Using that solution you still end up with a "directory" in your S3 bucket named analytics/counts/ with a _SUCCESS and part-00000 file, but the part-00000 file contains all of the results.

Coalesce (scala, java, the Java doc is clearer) returns a new RDD that exists only on the number of partitions specified; in this case 1.

2. FileUtil.copyMerge

The second solution takes advantage of the HDFS code to merge many part-nnnnn files into a single resultant file. All of this merge work occurs on a single worker so its not a good idea if you're operating at a level of more than a few MiBs (as noted earlier).

I like this approach because it gets the data right to the presentation point I need it for my analyst co-workers with no additional steps from me. In fact, if they have an S3 client of some sort, its self-service!

I'm also including my CSV output code; it recursively flattens Product (and TupleN and case classes) into appropriate CSV rows. (Its not @tailrec so yes you could blow the stack if you really, really try.)

project/build.scala

/* ... */
libraryDependencies ++= Seq(  
  "org.apache.spark" %% "spark-core" % "1.2.0" % "provided",
  "org.apache.commons" % "commons-lang3" % "3.3.2")

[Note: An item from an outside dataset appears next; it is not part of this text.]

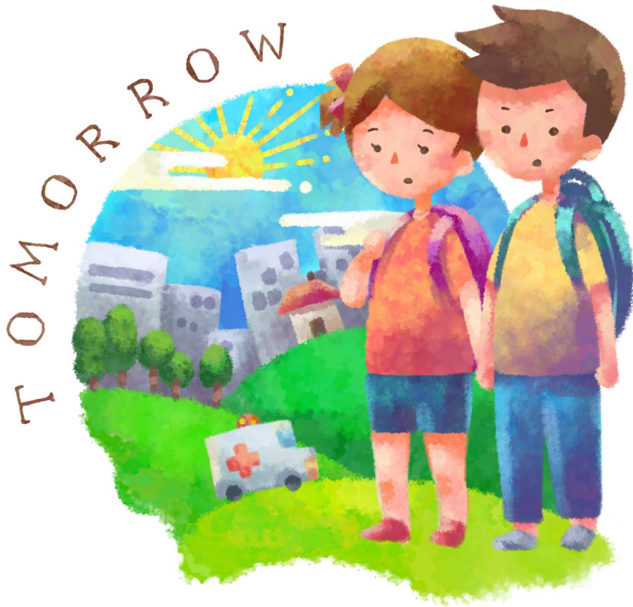
A children's book about COVID-19

com/yourname/project/rdd/package.scala

package com.yourname.project

import java.net.URI

import org.apache.commons.io.FilenameUtils  
import org.apache.commons.lang.StringEscapeUtils  
import org.apache.hadoop.fs.{FileUtil, Path, FileSystem}  
import org.apache.spark.SparkContext  
import org.apache.spark.rdd.RDD

package object rdd {

  implicit class RddOp[P <: Product](val rdd: RDD[P]) {
    def saveAsMergedCsv(path: String, overwrite: Boolean = true): 
      Unit = {
      val filename = FilenameUtils.getName(path)
      val csv: RDD[String] = rdd.map(toCsv(_))
      val uri: URI = new URI(s"hdfs:///root/ephemeral-hdfs/$filename")
      if (overwrite) {
        val hdfs: FileSystem = FileSystem.get(uri, 
          rdd.context.hadoopConfiguration)
        hdfs.delete(new Path(uri), true)
      }

      csv.saveAsTextFile(uri.toString)
      merge(rdd.context, uri.toString, path)
    }
  }

  private def merge(sc: SparkContext, 
                    srcPath: String, 
                    dstPath: String): Unit = {
    val srcFileSystem = FileSystem.get(new URI(srcPath),
      sc.hadoopConfiguration)
    val dstFileSystem = FileSystem.get(new URI(dstPath),
      sc.hadoopConfiguration)
    dstFileSystem.delete(new Path(dstPath), true)
    FileUtil.copyMerge(srcFileSystem,  new Path(srcPath),
      dstFileSystem,  new Path(dstPath),
      true, sc.hadoopConfiguration, null)
  }

  private def toCsv(a: Any): String = {
    def toCsv(a: Any, accumulator: Vector[String]): 
      Vector[String] = {
      a match {
        // unfortunately null can happen for some results from Jdbc
        case null | None => 
          accumulator :+ "" 
        case s: String => 
          accumulator :+ StringEscapeUtils.escapeCsv(s)
        case p: Product => 
          p.productIterator.map(toCsv(_, accumulator))
            .toVector.flatten
        case arr: Array[_] => 
          arr.map(toCsv(_, accumulator))
            .toVector.flatten
        case _ => 
          accumulator :+ a.toString
      }
    }

    toCsv(a, Vector()).mkString(",")
}

To use this in spark-shell:

scala> import com.yourname.project.rdd._

scala> val ac = SomeAggregateCountRDD(sc).cache

/* Spark log output elided */

scala> ac.saveAsMergedCsv("counts.csv")

To better understand what happens with toCsv assume the following case classes:

case class Count[A](item: [A], amount: Long)  
case class Track(title: String, artist: String, trackId: Option[Int])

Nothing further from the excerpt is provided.